Overview
--

This data set includes scores from three exams and a variety of personal, social, and economic factors that have interaction effects upon them

**Example Research Questions**

------------

- How effective is the test preparation course?
- Which major factors contribute to test outcomes?
- What would be the best way to improve student scores on each test?

In [None]:
# import libraries we need for EDA
%matplotlib inline

import numpy as np
import pandas as pd
import matplotlib.pyplot as plt

#import libraries we need for predictions
import statsmodels.api as sm
from sklearn.linear_model import LinearRegression
from sklearn.model_selection import train_test_split
from sklearn.base import BaseEstimator, RegressorMixin
from sklearn import metrics

In [None]:
# importing our file
students_df = pd.read_csv('../input/StudentsPerformance.csv')

In [None]:
# Look at the top 5 rows, uncomment the line below to run the code
#students_df.head()

In [None]:
# Look at the last 5 rows, uncomment the line below to run the code
#students_df.tail()

> This data set consists of the marks secured by the students in various subjects.

In [None]:
# Let's take a look on columns, shape and descriptive information of our data set
# uncomment the line below to run the code
#students_df.columns

In [None]:
# Shape of our dataset
# uncomment the line below to run the code
#students_df.shape

In [None]:
students_df.info()

>As we can see out data set is very clean with no *Null values* and all columns are the correct type as we expected. There are 5 columns that contain categorical values and 3 of numeric (integers) values.

In [None]:
# Summary statistics of our numeric columns of entire dataset
students_df.describe()

- All numeric columns have almost equal *standard deviations* and *mean values* are very similar. 
- Mininmum score of all subjects is 0. It is possible to be an outlier but as long as it is not a negative number we can consider it as normal (a student it is possible to take 0 score for some reason).

In [None]:
categorical_features = ['gender', 'race/ethnicity', 'parental level of education', 'lunch', 'test preparation course']

In [None]:
# Counts on categorical columns
for feature in categorical_features:
    print(feature,':')
    print(students_df[feature].value_counts())
    print('----------------------------')

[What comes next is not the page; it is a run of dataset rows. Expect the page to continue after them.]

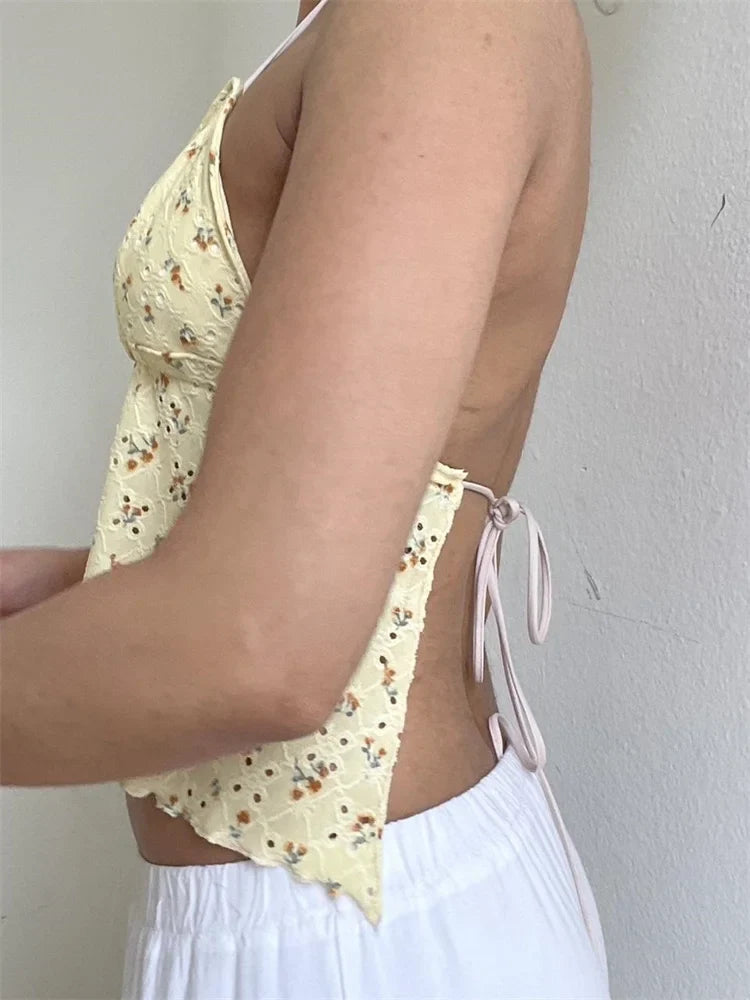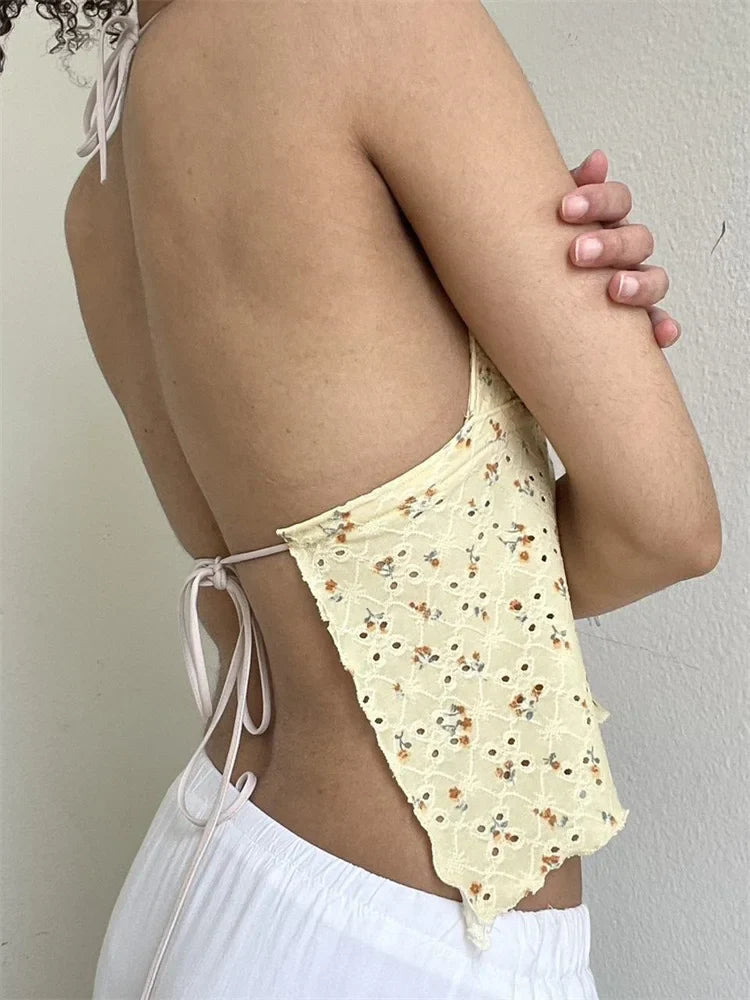 FashionSierra - 2025 Retro Lace Halter Camis Embroidery Floral Print Backless Tie-up Summer Mini Vest Crop Tops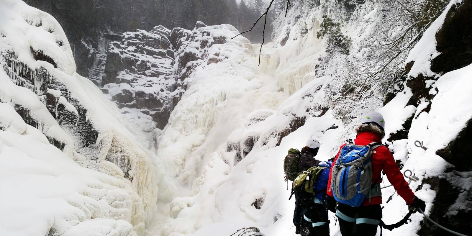 Vallée Bras-du-Nord has via ferrata routes that take you from pitch to pitch all the way to a majestic waterfall, with stunning views of the winding river and surrounding mountains and cliffs all around. There’s a via ferrata and zipline combo perfect for families with children 11 years or older. If you want to pack even more action into the adventure, other packages include rappelling.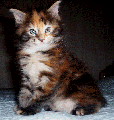La couleur de son pelage (brown torbie...très contrastée) lui donne un look très sauvage, qui est accentué par des pattes très épaisses pour une femelle.

>We are going to plot all the categorical columns to see the differences. Counts between our categories differ a lot except for the *gender* column

In [None]:
fig, axes = plt.subplots(3,2, figsize=(12,12))

def get_x_labels(column):
    # helper function to get all xlabels for all axes
    col_dict = dict(students_df[column].value_counts())
    return col_dict.keys()

x_labels = [list(get_x_labels(feature)) for feature in categorical_features]

def get_y_ticks(column):
    # helper function to get all heights for all axes
    return students_df[column].value_counts()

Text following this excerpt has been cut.